I no longer worry about opex coming as I have adjusted well in time for most positions that go against me. I still make some howlers (RIMM, TBT, TRGT) but I play the percentages and my winners outdistance my losers by many miles.
I would never be in this position if it were not for Phil. He is a treasure, pure and simple. The goose that lays the golden egg if we care to listen and practice. Phil, a mighty big thank you.
Winston
As a retired stockbroker from a major Canadian brokerage firm, I can tell you I would never had access to these type of trade ideas, especially the hedges.
Just closed out a July TZA 40/45 call spread today for a 271% gain in less than a month. I would have normally let that run but yesterday Phil commented to another member something to the effect that "you put down a $1 for a $5 upside, now that you are up 250% you have $2.5 in and you are hoping for a double."

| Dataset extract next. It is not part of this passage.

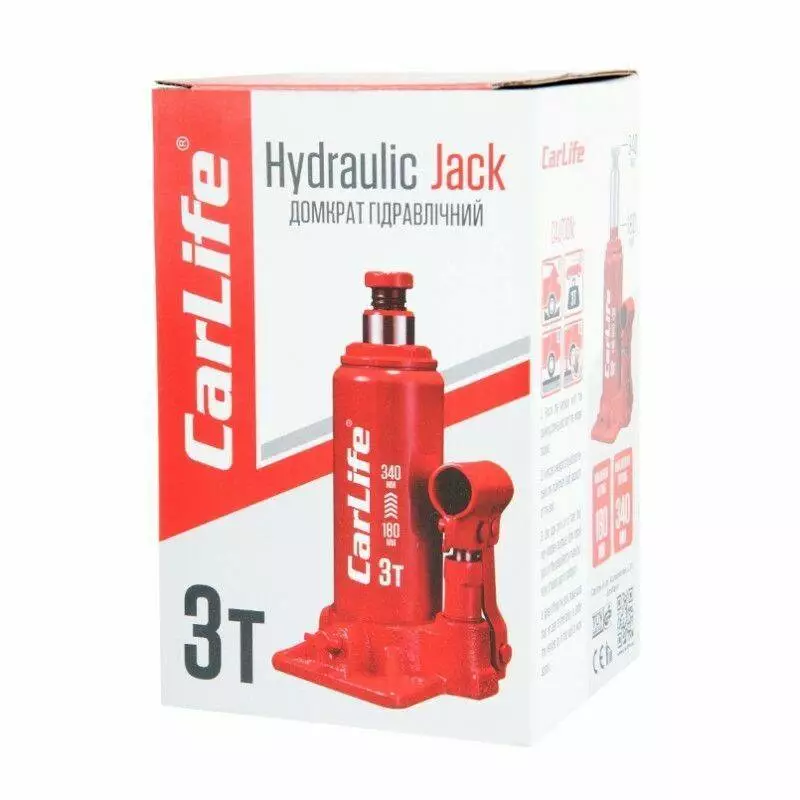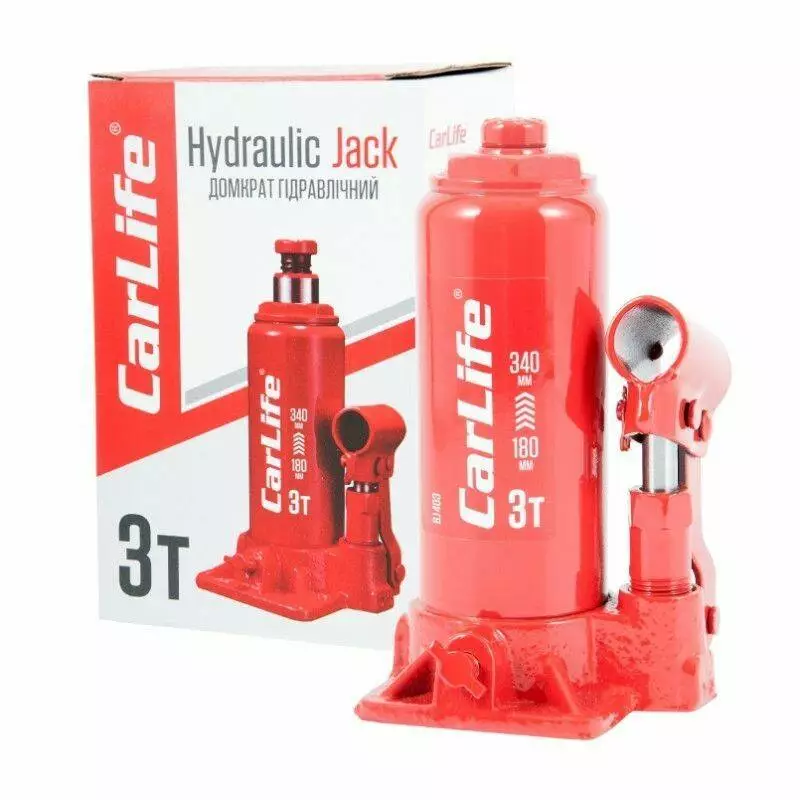 Домкрат гидравлический бутылочный 3т CarLife 180-340мм для автомобиля в картонной упаковке (BJ403)

Just closed out a USO July $38 put that Phil suggested yesterday for a 49% one day gain.
Thanks,
Bob
RJK
I am not a user of phil's site now, but was for a couple years. His advice and information is excellent. Perhaps even better, you get access to real-time trades of additional traders on his site (OptTrader, etc) and the other members who post what they are buying and selling. Overall, its a very valuable information tool. Expensive, but paid for itself many times over. I did not renew my membership because I switched jobs and did not have time to trade nearly as much.
XRTrader
Great calls this week!
SNS1
Opt, I think the hardest thing is being disciplined enough to trade with you. Atleast now when I see something go in the red I know how much I'm going to loose and that I will profit somewhere else and have enough money left at the end of the day to trade again. Thanks for all your hard work! My stress levels are down 75% and I have even made a small profit in the short time I've been here
Mopar
I must add yet another paen to Phil's "cash and short" call, as my TZA shorts are past paying for Similac and Pampers and have now covered all doctors and Mt. Sinai hospital bills for young Charlotte, as TZA took the portfolio up 10%.
Zeroxzero
Phil Thank you very much, I appreciate your help and wisdom.
CdsdpDean
Thank you so much for the good daily news in review Phil. I love your commentary! It is such a breath of fresh air in the smog cluttered news networks.
RJRoberts
Peter D, Just a note of thanks. Eight weeks ago, I entered my first RUT strangles, when the RUT was at 625. Tomorrow, I will let them expire, with the RUT at 625 (give or take). I didn't care when the RUT went to 650, nor when it dropped to 590. Easiest, no touch money I've made in a long time.
Judahbenhur
Phil, thank you for all the education here. I've gained so much knowledge being a part of PSW.
Thanks to the rest of the members as well! I appreciate all of the contributions you make.
JeffDoc
Phil
Killed it tonight trading copper. Anyone who jumped in right after election is up about 75k on one contract!
Thanks
Kapella
Phil, Passed a milestone today since joining 2 months ago. 25% of my account is in buy/writes, bull call spreads and disaster hedges. A majority of the trades were taken directly from your ideas or someone else`s contributions. Some were daytrades that became spreads.
That part of my account is up 30% as of today. I don`t worry about it, or mess with it much, did a few rolls etc.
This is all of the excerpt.